Three implications follow from these findings. First, TikTok’s algorithmic logic creates a two-tier news information environment. Users already disengaged from news and politics receive significantly less election content, while engaged users receive substantially more. Unlike public broadcasting, the platform imposes no civic information floor, risking a deepening of existing news exposure gaps and participation.
Second, source quality is systematically deprioritised for both accounts. Content from sources operating without editorial oversight or institutional accountability consistently outranked established news organisations, even for users who sought it out. This suggests that news exposure is not simply a matter of audience preferences. It reflects an algorithmic logic that optimises for engagement than source credibility.
Third, the temporal shift in recommendation suggests TikTok is not a stable channel for credible news exposure during elections. Even for a news-seeking user, the FYP algorithm drifts over time from recommending institutional sources and toward more alternative, independent sources. News outlets invested in TikTok as a news distribution channel should be aware that algorithms may undermine their reach.

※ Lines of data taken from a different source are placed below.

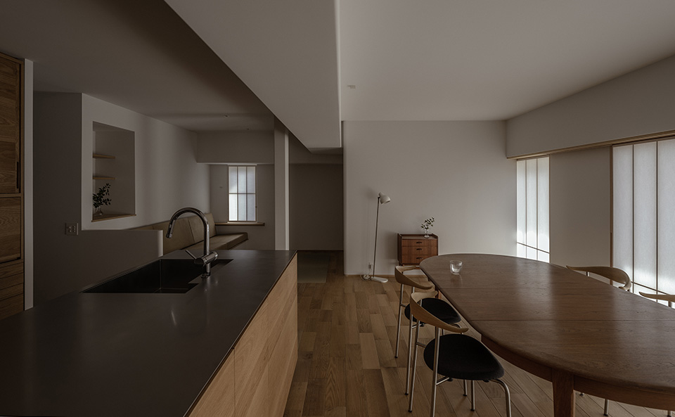敷地形状と生活動線を活かした庭の配置によって、外とのつながりを感じながら、内に開かれた安心感のある住空間を実現しています。
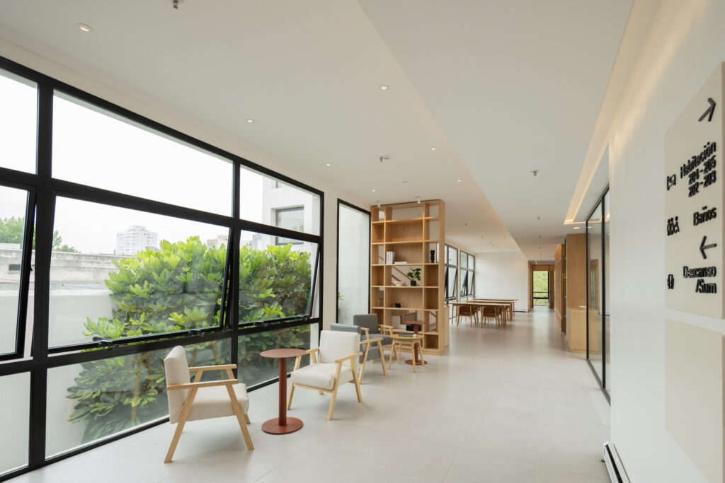 Ofrecemos habitaciones privadas y compartidas, espacios únicos con jardines y galerías luminosas, biblioteca y una confitería exclusiva para residentes y familiares, donde priorizamos la comodidad y la accesibilidad en un entorno cuidado que invita al encuentro.
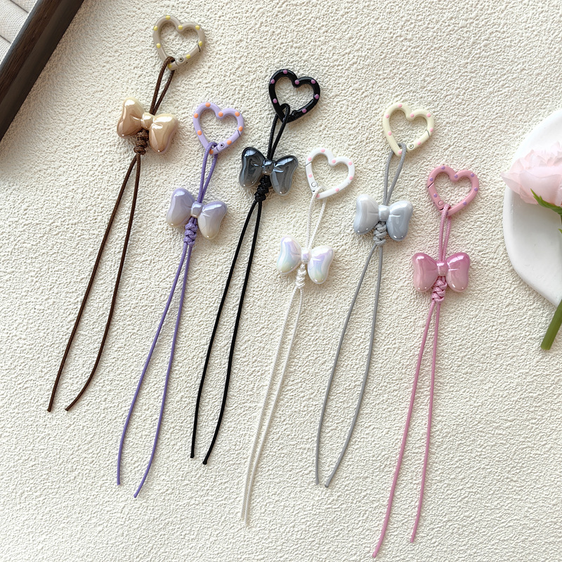 跨境Y2K甜酷辣妹风蝴蝶结钥匙扣手机耳机包包挂件白色爱心蝴蝶结
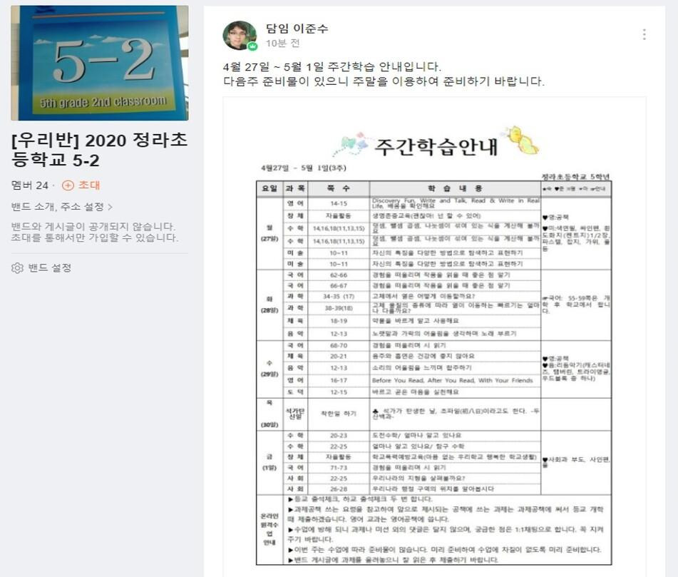 현재 네이버 밴드에 개설된 사이버 학급은 오프라인 학교와 운영 시스템이 같다. 매주 금요일 주간 학습 안내장이 나간다. 요일별, 시간별 과목과 학습내용이 나와 있고 준비물을 함께 소개한다. 수업 영상과 과제는 학교 시정표와 동일한 시각에 올라온다. 쉬는 시간도 다르지 않다.
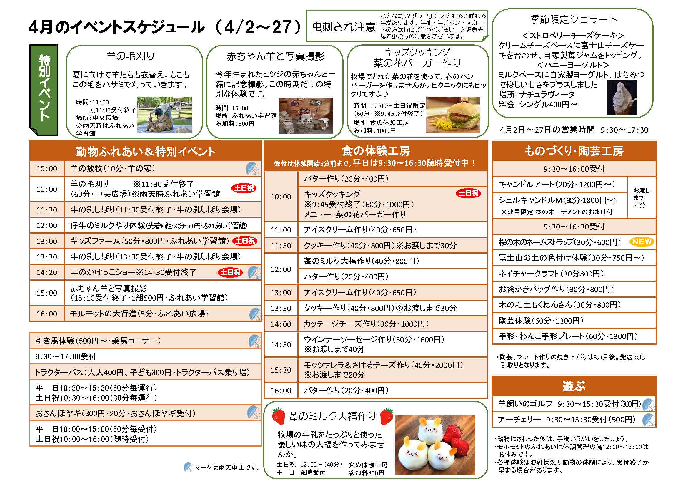 2018年4月(4/2~4/27)のイベントのタイムスケジュールです。印刷には場内でも配布しているイベントスケジュール(pdf)をご利用ください。
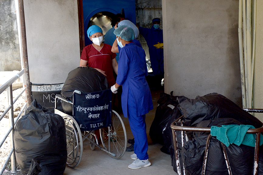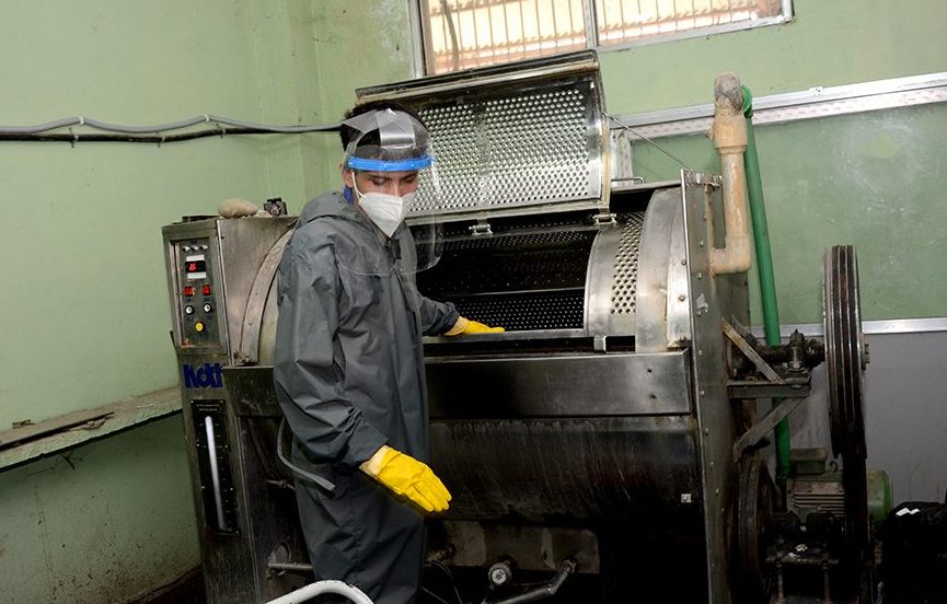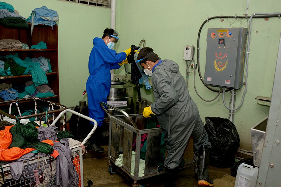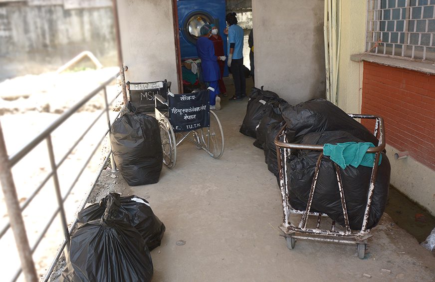 कोरोनाभाइरस संक्रमित बिरामीले प्रयोग गरेको गाउन, बेड कभर, सिरानीको खोल, पातला खालका ब्ल्याङ्केट, डाक्टर, नर्स तथा स्वास्थ्यकर्मीले प्रयोग गरेका पीपीई संकलन गरेर धुन लैजाने र पुनः प्रयोगका लागि वार्डमा पु¥याउन त्यस्ता कर्मचारी दैनिक खटिएका हुन्छन् ।
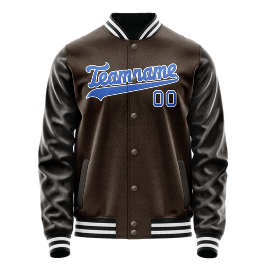 Custom Brown Light-Blue Solid Color Varsity Letterman Jacket
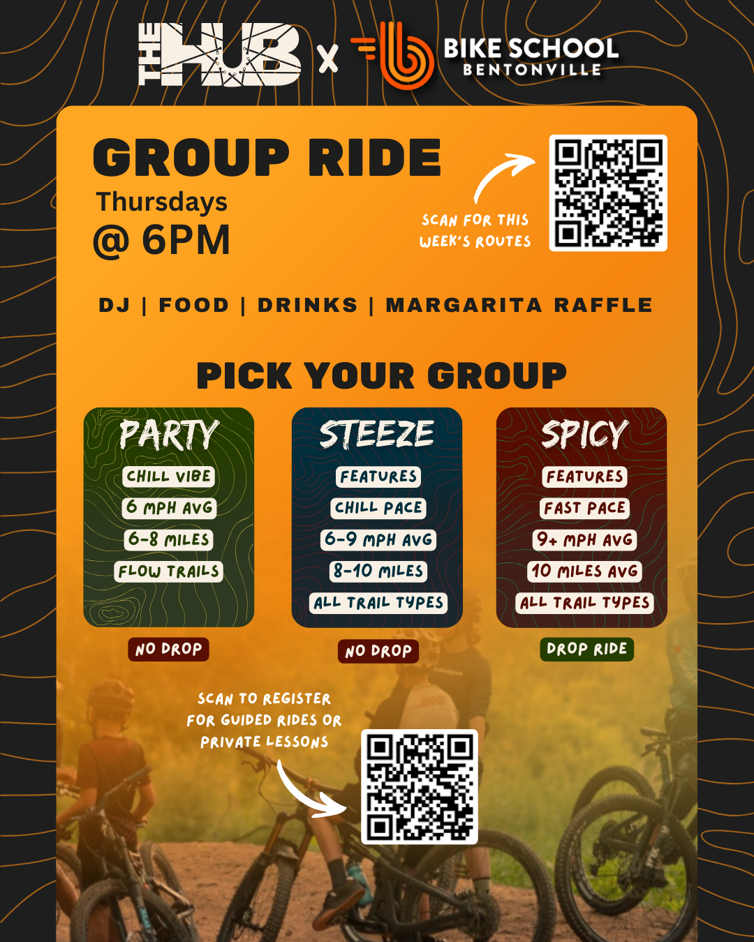 • If the weather isn’t conducive to riding we will cancel the ride but still meet at The HUB for a some fun social vibes.
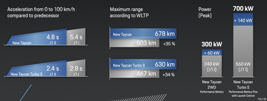 配备新的后桥电机,功率比旧款车型高出80kW,改进的脉冲逆变器、软件、更强大的电池、改进的热管理,下一代热泵以及改进的回收和四轮驱动策略,都是新款Taycan的不同之处。
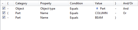 In the second and third filter rules, define that the part name must be BEAM or COLUMN:
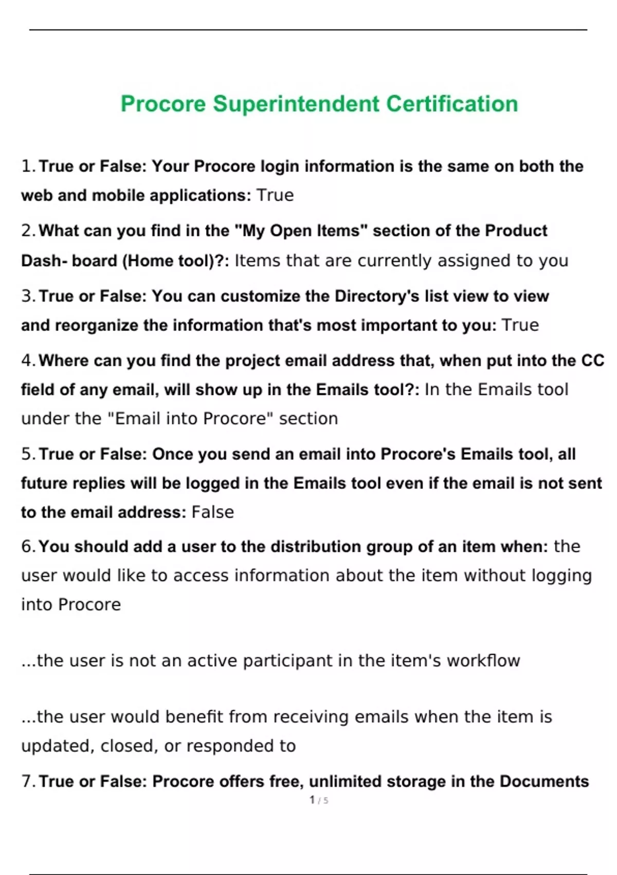 Procore Superintendent Certification Exam 2023 Questions and Answers Verified
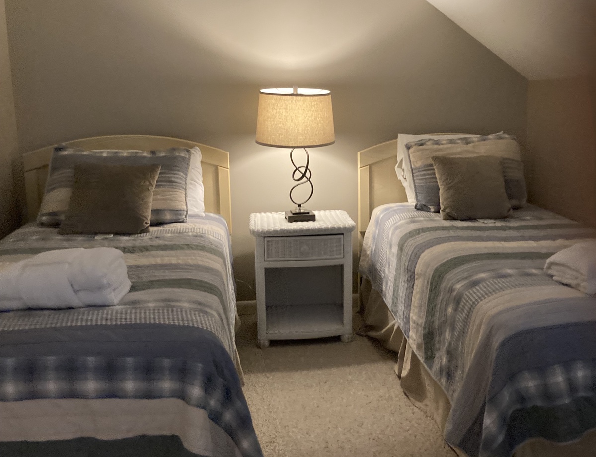 The third level of the townhome holds two additional bedrooms that share a bathroom with tub/shower combination. One room features two double beds, a TV and lovely golf views. The other bedroom has two twin beds and a flat screen TV.

These findings should be interpreted as indicative rather than generalisable, given the exploratory nature of this study and limited sample size. Future research with larger, more demographically diverse account panels and longer observation windows would help establish the robustness of these patterns.
What’s at stake? Our data suggest that a news-averting Scottish voter could have encountered little election content through their TikTok FYP during the 2026 Scottish election. Even a news-seeking Scottish voter could have encountered fewer traditionally credible sources of election content through their FYP. This reflects that in the platform age, the gatekeeping function once exercised by professional journalism has been delegated to algorithms operating without public interest obligations. How regulators and public digital literacy efforts respond to this will be one of the defining questions of the coming decade.